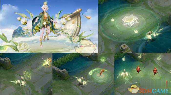 而特效上的表现也同样如此,都是以绿色、茉莉花为主基调,看起来虽然没有孙膑其他皮肤华丽,但是其实也是有亮点设计的,就比如大招的茶碾转动,我觉得倒是非常符合这次设计主题
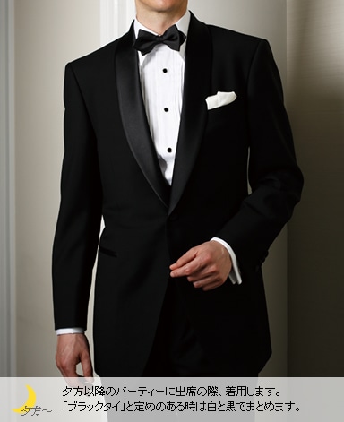 >> フォーマルアイテムはこちら夕方以降のパーティーに出席の際、着用します。「ブラックタイ」と定めのある時は白と黒でまとめます
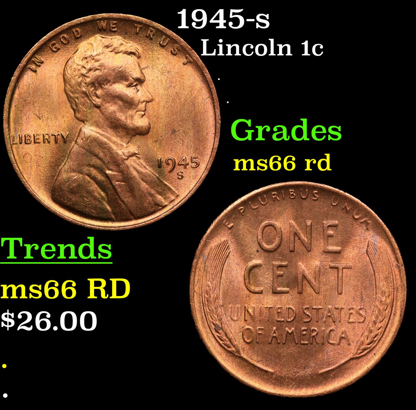 1945-s Lincoln Cent 1c Grades GEM+ Unc RD.
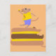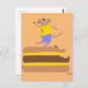 Ett lustigt vykort av en mus ovanpå en burgare som äter den medan man dansar. Lägg till text, namn eller lämna som det är. Jigszasmunstycken finns också.

--- Exercise prompt ---
Copy all of the listing word for word, minus the images.

--- Answer space ---
 而特效上的表现也同样如此,都是以绿色、茉莉花为主基调,看起来虽然没有孙膑其他皮肤华丽,但是其实也是有亮点设计的,就比如大招的茶碾转动,我觉得倒是非常符合这次设计主题
 >> フォーマルアイテムはこちら夕方以降のパーティーに出席の際、着用します。「ブラックタイ」と定めのある時は白と黒でまとめます
 1945-s Lincoln Cent 1c Grades GEM+ Unc RD.
 Ett lustigt vykort av en mus ovanpå en burgare som äter den medan man dansar. Lägg till text, namn eller lämna som det är. Jigszasmunstycken finns också.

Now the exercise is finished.